» Information provided
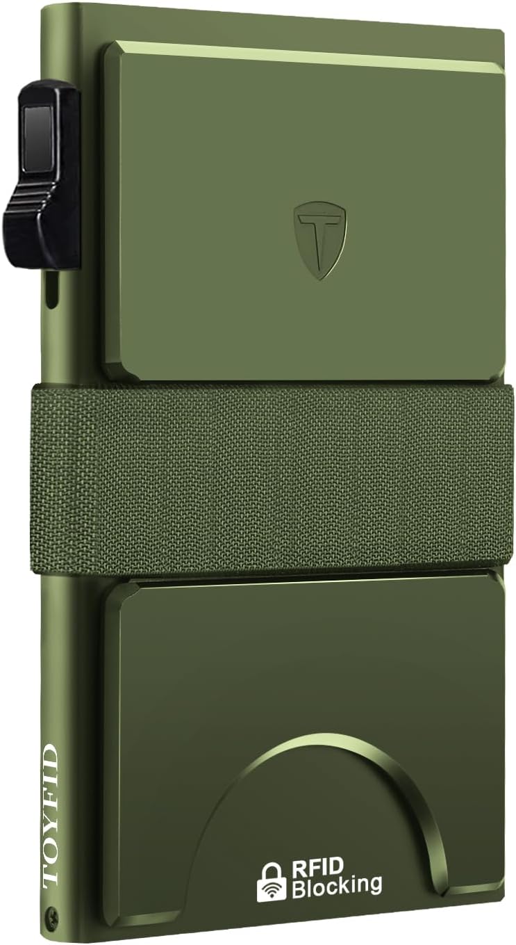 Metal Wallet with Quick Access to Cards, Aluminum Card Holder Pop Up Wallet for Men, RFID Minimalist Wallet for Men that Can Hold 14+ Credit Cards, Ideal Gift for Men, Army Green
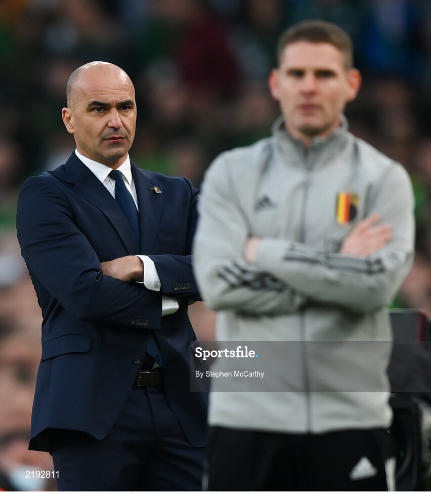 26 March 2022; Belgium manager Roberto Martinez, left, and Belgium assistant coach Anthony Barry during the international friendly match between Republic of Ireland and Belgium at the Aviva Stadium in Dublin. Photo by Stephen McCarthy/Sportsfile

* * *

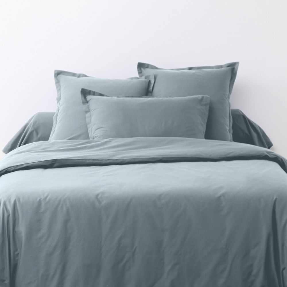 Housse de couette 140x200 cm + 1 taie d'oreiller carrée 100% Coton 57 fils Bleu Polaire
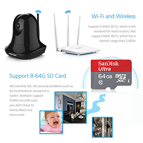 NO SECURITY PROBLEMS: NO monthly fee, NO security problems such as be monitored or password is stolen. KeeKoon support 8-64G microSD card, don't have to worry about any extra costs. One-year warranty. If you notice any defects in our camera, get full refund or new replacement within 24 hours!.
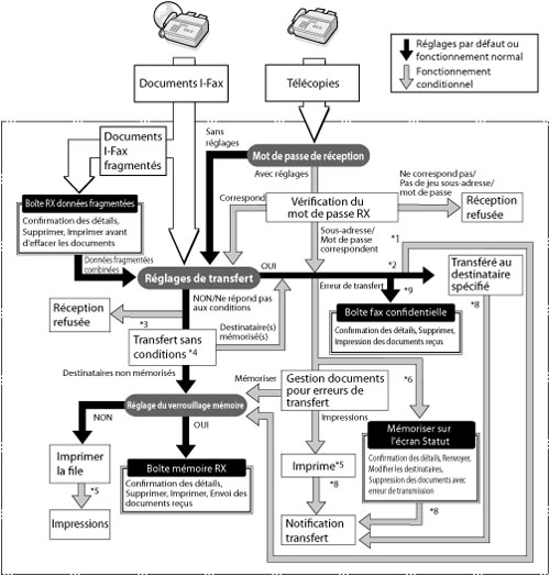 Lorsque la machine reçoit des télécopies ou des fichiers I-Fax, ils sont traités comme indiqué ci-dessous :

» What you will do
Using the entries above, reproduce word for word only the lines from the one that contains "NO SECURITY PROBLEMS: NO" to the one that contains "Lorsque la machine", both ends included, and drop every picture.

» Response
 NO SECURITY PROBLEMS: NO monthly fee, NO security problems such as be monitored or password is stolen. KeeKoon support 8-64G microSD card, don't have to worry about any extra costs. One-year warranty. If you notice any defects in our camera, get full refund or new replacement within 24 hours!.
 Lorsque la machine reçoit des télécopies ou des fichiers I-Fax, ils sont traités comme indiqué ci-dessous :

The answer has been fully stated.